Malven turned his head to answer, although his metallic tentacles continued to work on the concealed panel as if under their own volition. “The locking mechanism is tied to a genecode scanner. Only six people are authorised to trip it. If anyone else makes the attempt, the alarm will be raised.”
“Can you do anything about it?” Quillem asked, and Carys shook her head.
“Nothing subtle. Sorry. Genecoders are a bitch to get past, unless you’ve got a sample from an authorised user. We’ll just have to blow the hatch, and go in shooting.” She shrugged. “Never a Deathwatch team around when you need one.”
Quillem raised a hand to the
comm-bead in his ear, then let it fall. The Astartes squad were on standby, he knew, but there was no way he could call them in for backup. He pictured the sable-armoured giants double-timing it through the startled crowds in the thoroughfares of the lower arm, and shook his head. The news of their presence would be all over the station in moments, the system in days, and any hope of keeping the operation secret would be gone. The heretics they were hunting would go to ground, the Faxlignae would slip through their fingers, and the mysterious agenda their prey was pursuing might well come to fruition before they could pick up the trail again.
“We’ll just have to do the best we can without them,” he said, beginning to reach for his bolt pistol.
“Or we could trust our intellect,” Malven added dryly. A moment later the panel moved, with a barely perceptible click, and a faint current of cleaner air began to waft past their faces.
“What did you do?” Quillem asked, trying not to smile at Carys’ expression of astonishment.
“Interfaced directly with the control circuitry,” Malven said, withdrawing his mechadendrites. “I simply added my own genetic code to the file of authorised users.”
“Smart,” Carys admitted, with a nod of the head. “If you ever feel like a change of career, I know a couple of vaults I could introduce you to.”
“The Adeptus Mechanicus provides for all of my physical requirements,” Malven replied evenly, “which would render thievery a singularly pointless endeavour.”
Not for the first time, Quillem found himself wondering if the techpriest was entirely devoid of a sense of humour, or possessed a dry and ready wit which few gave him credit for. There was no time to think about that now, though, as the unmistakable sound of footsteps could be heard hurrying along the tunnel behind them. Drawing his bolt pistol, he turned, then relaxed: it was Rufio, as he’d already surmised, but right now would be a bad time to take anything for granted.

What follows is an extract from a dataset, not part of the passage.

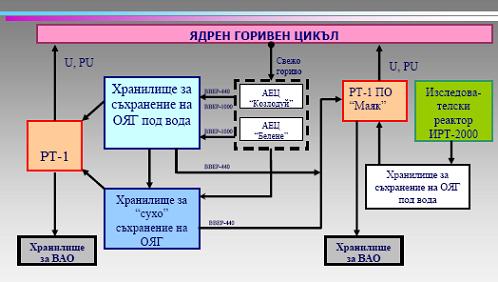 Обращение с ОЯТ в Болгарии Схема топливного цикла в Болгарии в обозримом будущем (после пуска АЭС "Белене") будет выглядеть следующим образом. Свежее ядерное топливо в Болгарию будет поступать для блоков-тысячников АЭС "Козлодуй" и АЭС "Белене". Поставки свежего топлива для блоков с реакторами ВВЭР-400 в данный момент прекращены, так как эти блоки выводятся из эксплуатации. ОЯТ с блоков-тысячников (и ранее с блоков с реакторами ВВЭР-440) поступает на первой стадии в водное хранилище. Далее предполагается его размещение в сухом хранилище отработавшего топлива. Из водного, а в дальнейшем и из сухого хранилища, ОЯТ ВВЭР-440 вывозится в Россию для переработки на ПО "Маяк". Аналогичные действия в будущем должны осуществляться и для ОЯТ ВВЭР-1000. После переработки выделенные уран и плутоний должны возвращаться в топливный цикл, а образовавшиеся ВАО - направляться в долгосрочное хранилище. ОЯТ исследовательского реактора ИРТ-2000 также помещается в водное хранилище, откуда после выдержки вывозится для переработки на ПО "Маяк". ![]() В докладе Томова рассмотрены четыре сценария накопления ОЯТ в Болгарии. Вариант 1. Эксплуатация АЭС "Козлодуй" до конца расчётного срока службы без ввода новых мощностей. Вариант 2. Продление эксплуатации энергоблоков 5 и 6 АЭС "Козлодуй"на 15 лет. Вариант 3. Эксплуатация АЭС "Козлодуй" до конца расчётного срока службы и ввод в эксплуатацию блоков №№1-2 АЭС "Белене". Вариант 4. Продление эксплуатации энергоблоков 5 и 6 АЭС "Козлодуй"на 15 лет и ввод в эксплуатацию блоков №№1-2 АЭС "Белене". По состоянию на 31 мая 2010 года, на площадке Козлодуй в БОК и ХОГ было накоплено 5016 отработавших кассет ВВЭР-440 и 540 кассет ВВЭР-1000. В терминах массы, это составляет 577,852 тонн и 211,520 тонн тяжёлых металлов, соответственно. Приблизительно это эквивалентно активностям 1,14×1019 Бк и 1,70×1019 Бк. Оставшиеся в эксплуатации блоки №5-6 АЭС "Козлодуй" до конца расчётного срока службы произведут следующее количество отработавших сборок: блок №5 - 457 кассет до 2017 года, блок №6 - 667 кассет до 2021 года. В случае продления эксплуатации, эти показатели изменятся следующим образом: блок №5 - 1087 кассет до 2032 года, блок №6 - 1297 кассет до 2036 года. Два блока АЭС "Белене" за проектный срок службы 60 лет произведут в совокупности 5198 выгоревших кассет. Таким образом, для сценариев 1-4, описанных выше, общее количество отработавших кассет ВВЭР-1000 будет меняться от 1664 до 8086, а общая активность ОЯТ (с учётом ОЯТ ВВЭР-440, находящегося в данный момент в Болгарии) - от 6,38×1019 Бк до 2,66×1020 Бк. Вывоз ОЯТ в Россию Ежегодно Болгария ввозит из России по два транспорта в составе 48 кассет каждый (42 сборки для частичной перегрузки и 6 запасных сборок) для блоков №№5-6 АЭС "Козлодуй" с ВВЭР-1000. Ежегодно для переработки в Россию экспортируется по 240 кассет реакторов ВВЭР-440 и 96 кассет ВВЭР-1000. Количество вывозимых в Россию отработавших кассет определяется пропускной способностью системы транспортировки ОЯТ. Начиная с 1989 года, всего в Россию было доставлено 1888 выгоревших кассет ВВЭР-440 и 864 кассеты ВВЭР-1000 на условиях возврата в Болгарию остеклованных ВАО, образующихся в ходе переработки ОЯТ. При темпе вывоза в Россию 240 кассет ВВЭР-440 в год, козлодуйская площадка будет полностью освобождена от ОЯТ такого типа через 21 год, или к 2031 году. При темпе вывоза в Россию 96 кассет ВВЭР-1000 в год, на момент проектного вывода из экс

“Only me.” The assassin grinned at him, as if amused at the idea that Quillem would actually be able to harm him if he ever really wanted to, then tilted his head back down the tunnel. “The travelled area peters out about half a kilometre that way. I couldn’t get right to the end, because there was another of those box things Carys took out, but it looks as though there’s an exit of some kind about where the footprints end.”